GLM-based Reserving Model

This function implements loss reserving models within the generalized linear model framework. It takes accident year and development lag as mean predictors in estimating the ultimate loss reserves, and provides both analytical and bootstrapping methods to compute the associated prediction errors. The bootstrapping approach also generates the full predictive distribution for loss reserves.

Usage

glmReserve(triangle, var.power = 1, link.power = 0, cum = TRUE, 
      mse.method = c("formula", "bootstrap"),  nsim = 1000, nb = FALSE, ...)

Arguments

triangle: An object of class triangle.
var.power: The index (p) of the power variance function \(V(\mu)=\mu^p\). Default to p = 1, which is the over-dispersed Poisson model. If NULL, it will be assumed to be in (1, 2) and estimated using the cplm package. See tweedie.
link.power: The index of power link function. The default link.power = 0 produces a log link. See tweedie.
cum: A logical value indicating whether the input triangle is on the cumulative or the incremental scale. If TRUE, then triangle is assumed to be on the cumulative scale, and it will be converted to incremental losses internally before a GLM is fitted.
mse.method: A character indicating whether the prediction error should be computed analytically (mse.method = "formula") or via bootstrapping (mse.method = "bootstrap"). Partial match is supported.
nsim: Number of simulations to be performed in the bootstrapping, with a default value of 1000.
nb: Whether the negative binomial distribution is used. If true, the arguments var.power and link.power are ignored and a negative binomial GLM is fitted using glm.nb.
...: Arguments to be passed onto the function glm or cpglm such as contrasts or control. It is important that offset and weight should not be specified. Otherwise, an error will be reported and the program will quit.

Details

This function takes an insurance loss triangle, converts it to incremental losses internally if necessary, transforms it to the long format (see as.data.frame) and fits the resulting loss data with a generalized linear model where the mean structure includes both the accident year and the development lag effects. The distributions allowed are the exponential family that admits a power variance function, that is, \(V(\mu)=\mu^p\). This subclass of distributions is usually called the Tweedie distribution and includes many commonly used distributions as special cases.

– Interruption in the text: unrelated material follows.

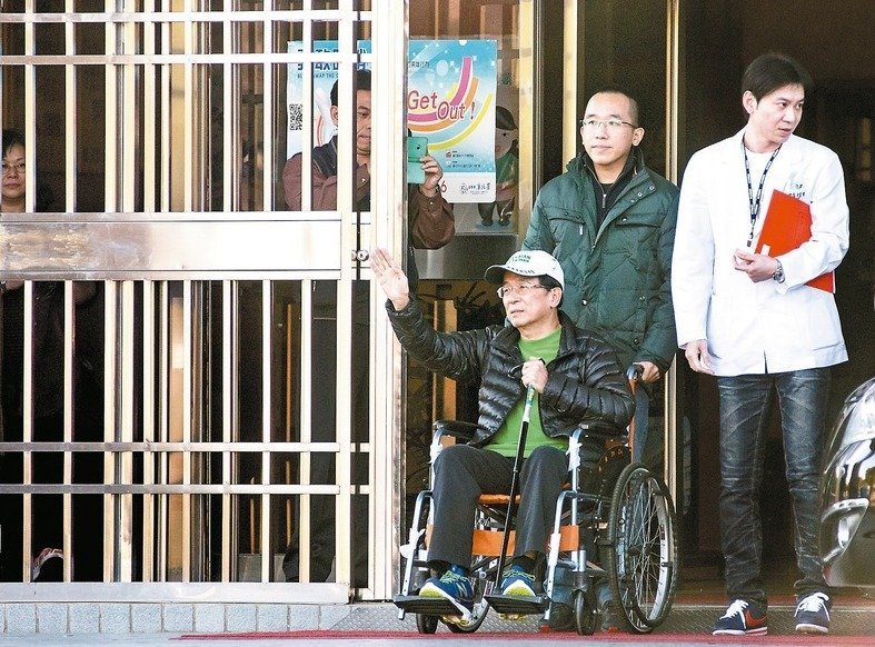 陳水扁保外就醫(yī),由兒子陳致中推著輪椅出監(jiān)。(圖片來源:臺灣《聯(lián)合報》)

This function does not allow the user to specify the GLM options through the usual family argument, but instead, it uses the tweedie family internally and takes two arguments, var.power and link.power, through which the user still has full control of the distribution forms and link functions. The argument var.power determines which specific distribution is to be used, and link.power determines the form of the link function.

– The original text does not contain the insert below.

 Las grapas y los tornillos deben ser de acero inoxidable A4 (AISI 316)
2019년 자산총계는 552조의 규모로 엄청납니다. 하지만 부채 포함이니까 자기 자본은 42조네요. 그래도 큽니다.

When the Tweedie compound Poisson distribution 1 < p < 2 is to be used, the user has the option to specify var.power = NULL, where the variance power p will be estimated from the data using the cplm package. The bcplm function in the cplm package also has an example for the Bayesian compound Poisson loss reserving model. See details in tweedie, cpglm and bcplm.

glmReserve allows certain measures of exposures to be used in an offset term in the underlying GLM. To do this, the user should not use the usual offset argument in glm. Instead, one specifies the exposure measure for each accident year through the exposure attribute of triangle. Make sure that these exposures are in the original scale (no log transformations for example). If the vector is named, make sure the names coincide with the rownames/origin of the triangle. If the vector is unnamed, make sure the exposures are in the order consistent with the accident years, and the character rownames of the Triangle must be convertible to numeric. If the exposure attribute is not NULL, the glmReserve function will use these exposures, link-function-transformed, in the offset term of the GLM. For example, if the link function is log, then the log of the exposure is used as the offset, not the original exposure. See the examples below. Moreover, the user MUST NOT supply the typical offset or weight as arguments in the list of additional arguments .... offset should be specified as above, while weight is not implemented (due to prediction reasons).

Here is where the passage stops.